# Try it:
Please output the listing that follows exactly, but keep all images out.

# Collected data:
##############################
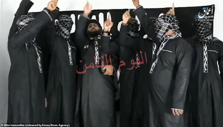 ويظهر الفيديو 8 جهاديين يرتدون عباءات سوداء ويقفون في دائرة ويمسكون بأيدي بعضهم البعض ويتعهدون بالولاء للتنظيم، ثم يشيرون إلى السماء، وخلفهم علم التنظيم.
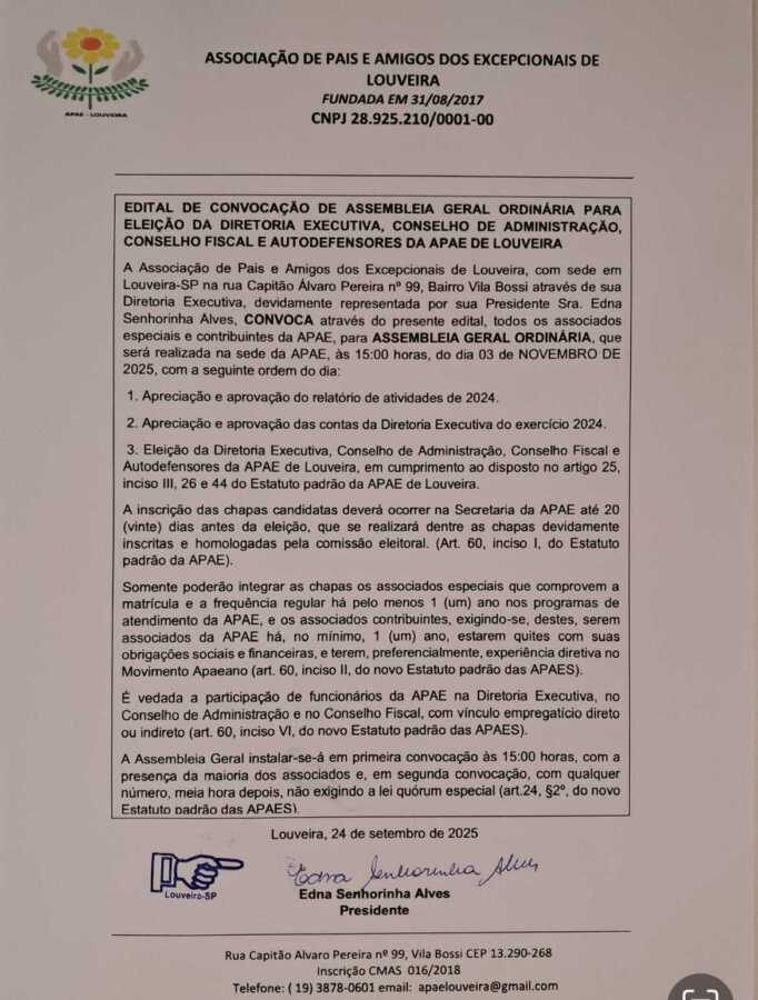 A Associação de Pais e Amigos dos Excepcionais de Louveira, com sede em Louveira-SP na rua Capitão Álvaro Pereira nº 99, Bairro Vila Bossi através de sua Diretoria Executiva, devidamente representada por sua Presidente Sra. Edna Senhorinha Alves, CONVOCA através do presente edital, todos os associados especiais e contribuintes da APAE, para ASSEMBLEIA GERAL ORDINÁRIA, que será realizada na sede da APAE, às 15:00 horas, do dia 03 de NOVEMBRO DE 2025, com a seguinte ordem do dia:
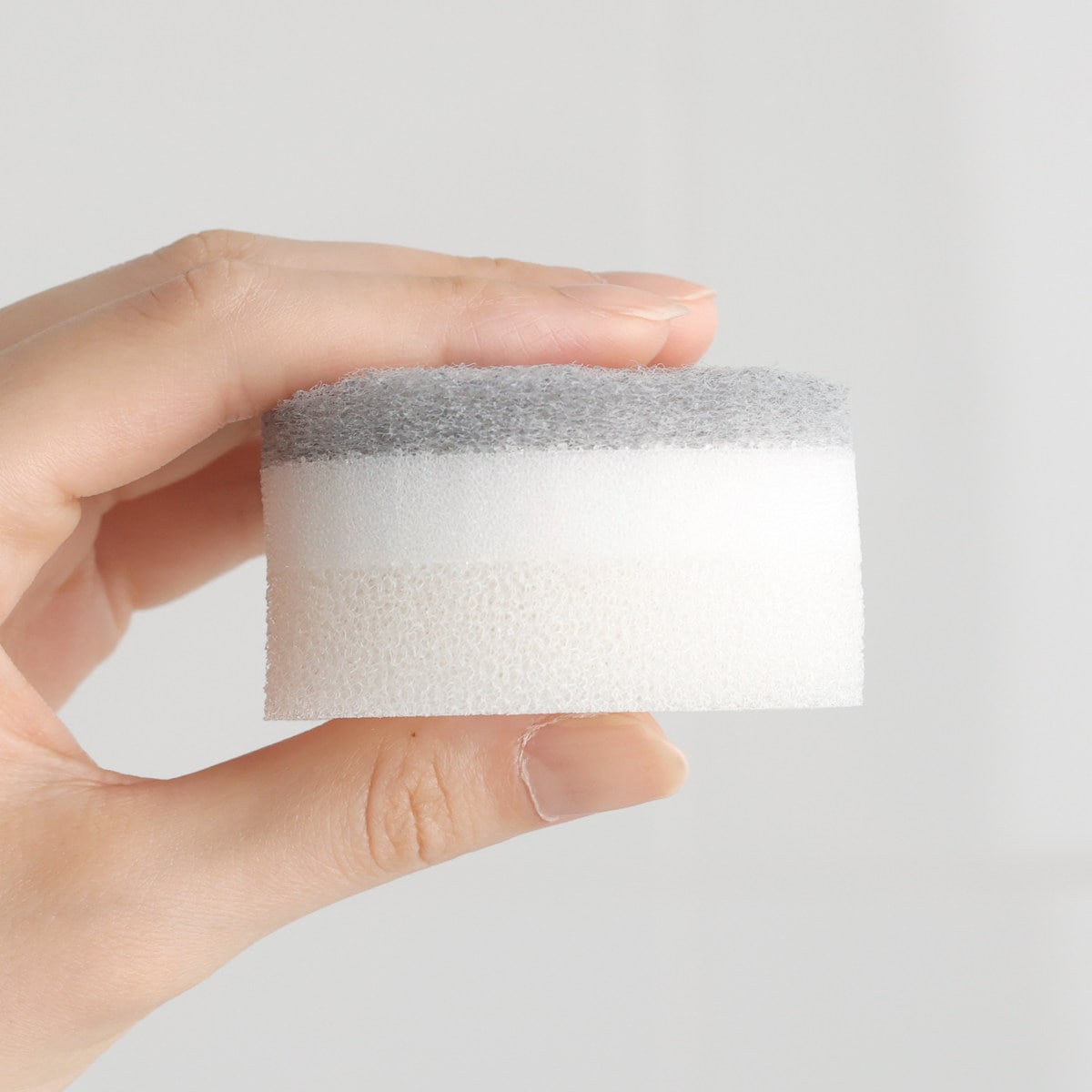水垢落としに役立つ「ナイロン不織布層」、洗剤をしっかりキープする「ウレタン層」、少量の洗剤でもたっぷり泡立ち、水切りすっきりの「脱膜ウレタン層」の3層構造です。抜群の泡立ちと泡持ちで汚れが落としやすく、水垢もしっかりと絡め取ります。
##############################
# Exercise response:
 ويظهر الفيديو 8 جهاديين يرتدون عباءات سوداء ويقفون في دائرة ويمسكون بأيدي بعضهم البعض ويتعهدون بالولاء للتنظيم، ثم يشيرون إلى السماء، وخلفهم علم التنظيم.
 A Associação de Pais e Amigos dos Excepcionais de Louveira, com sede em Louveira-SP na rua Capitão Álvaro Pereira nº 99, Bairro Vila Bossi através de sua Diretoria Executiva, devidamente representada por sua Presidente Sra. Edna Senhorinha Alves, CONVOCA através do presente edital, todos os associados especiais e contribuintes da APAE, para ASSEMBLEIA GERAL ORDINÁRIA, que será realizada na sede da APAE, às 15:00 horas, do dia 03 de NOVEMBRO DE 2025, com a seguinte ordem do dia:
水垢落としに役立つ「ナイロン不織布層」、洗剤をしっかりキープする「ウレタン層」、少量の洗剤でもたっぷり泡立ち、水切りすっきりの「脱膜ウレタン層」の3層構造です。抜群の泡立ちと泡持ちで汚れが落としやすく、水垢もしっかりと絡め取ります。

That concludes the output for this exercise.